** Dataset entries follows **

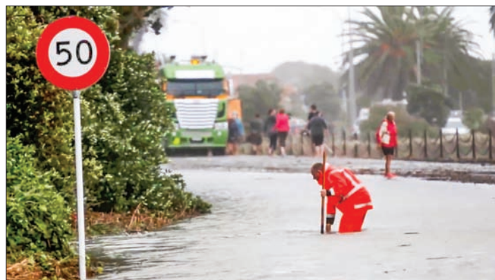
Emergency personnel work on a flooded road in Nelson, after the downgraded Tropical Cyclone Fehi brought heavy rain in New Zealand, in this still image taken from a on 1 February 2018.

New Zealand's weather forecaster MetService said on Friday the storm was moving southeast, providing some relief to the country's west coast, which has been hardest hit by the heavy rain and strong winds. —Reuters ■
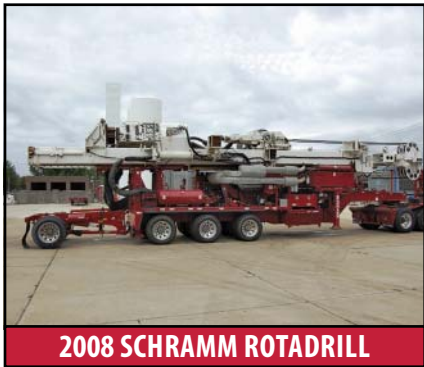
2008 SCHRAMM ROTADRILL
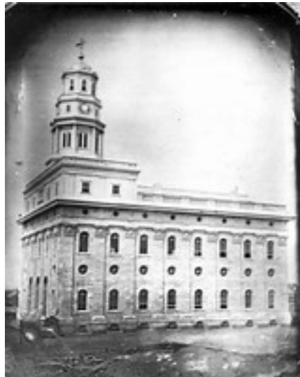
Early daguerreotype of the Nauvoo Temple

The family donated most of the money they earned toward the building of the Nauvoo Temple and to pay for the land the city was built on.
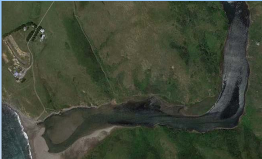
Estero Americano– River Mouth.
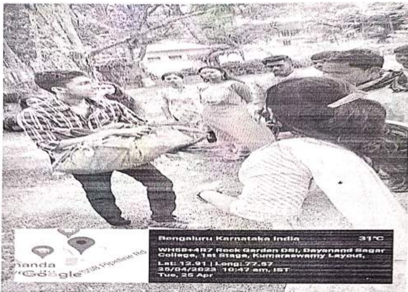
Pic 1 Faculty Cleaning the Campus
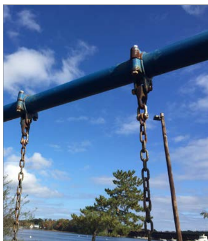
Rusting hardware is typical at a playground of this age and will be replaced.
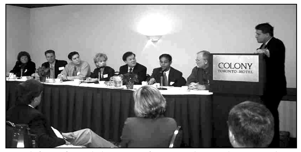
A panel of HR professionals shares great information with Toronto/SW Ontario Chapter members at a December 2001 sell-out meeting.

Toronto/SW Ontario Chapter held an excellent program in December of 2001
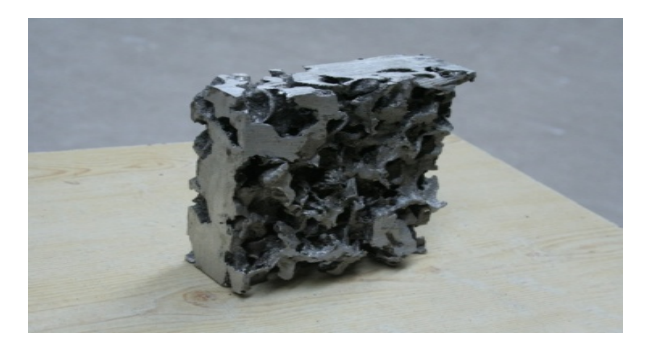
Fig. 6 Soaked Precursors at 850°C (using steel net)

Using open die, experiments were conducted with Soaked Precursors at 950°C as shown in Fig. 7 then by using Soaked Precursors at 910°C as shown in Fig. 8.
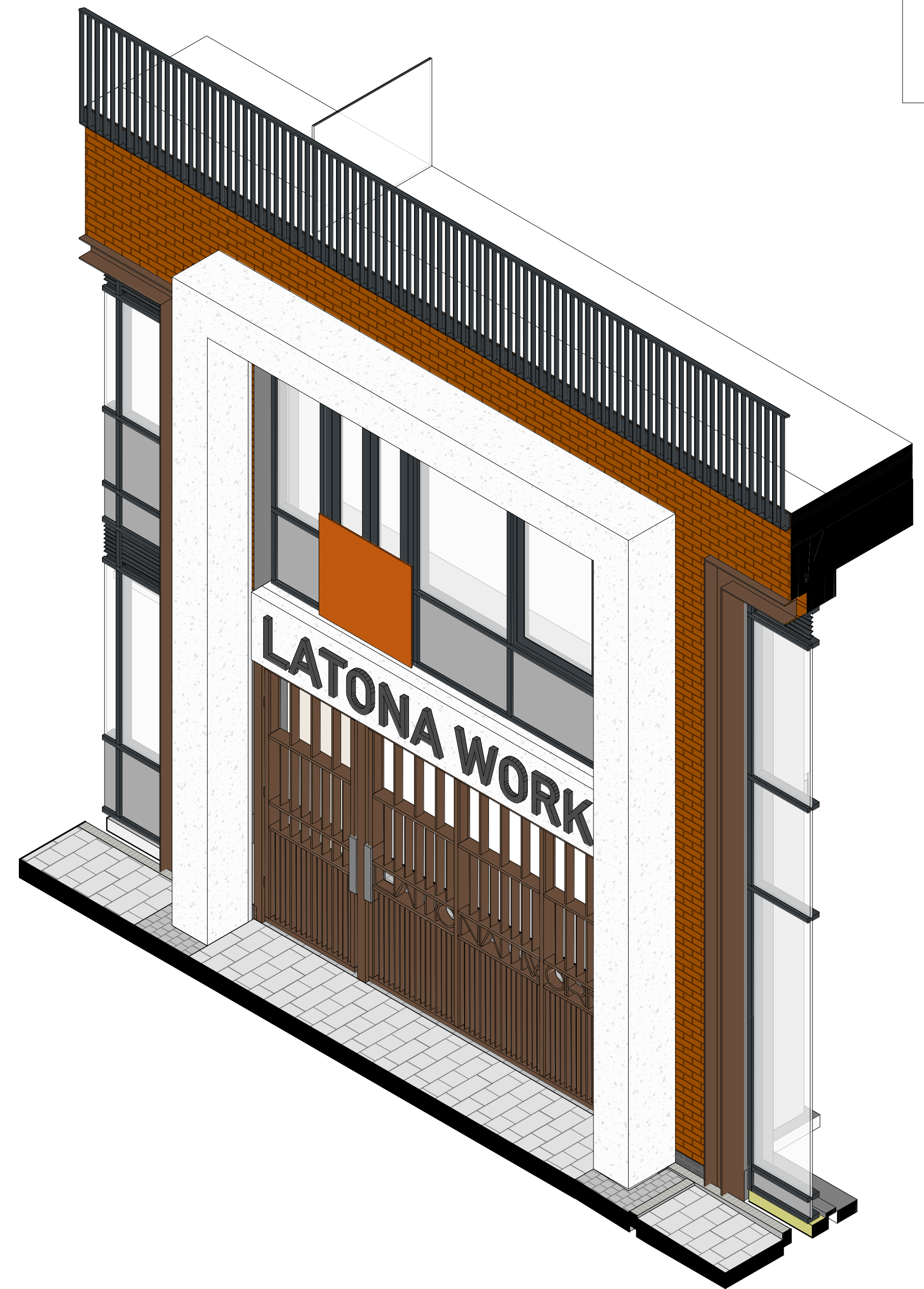
2. 3D View

** End of Dataset entries **

From the material above, return every line that contains "this".

Emergency personnel work on a flooded road in Nelson, after the downgraded Tropical Cyclone Fehi brought heavy rain in New Zealand, in this still image taken from a on 1 February 2018.
Rusting hardware is typical at a playground of this age and will be replaced.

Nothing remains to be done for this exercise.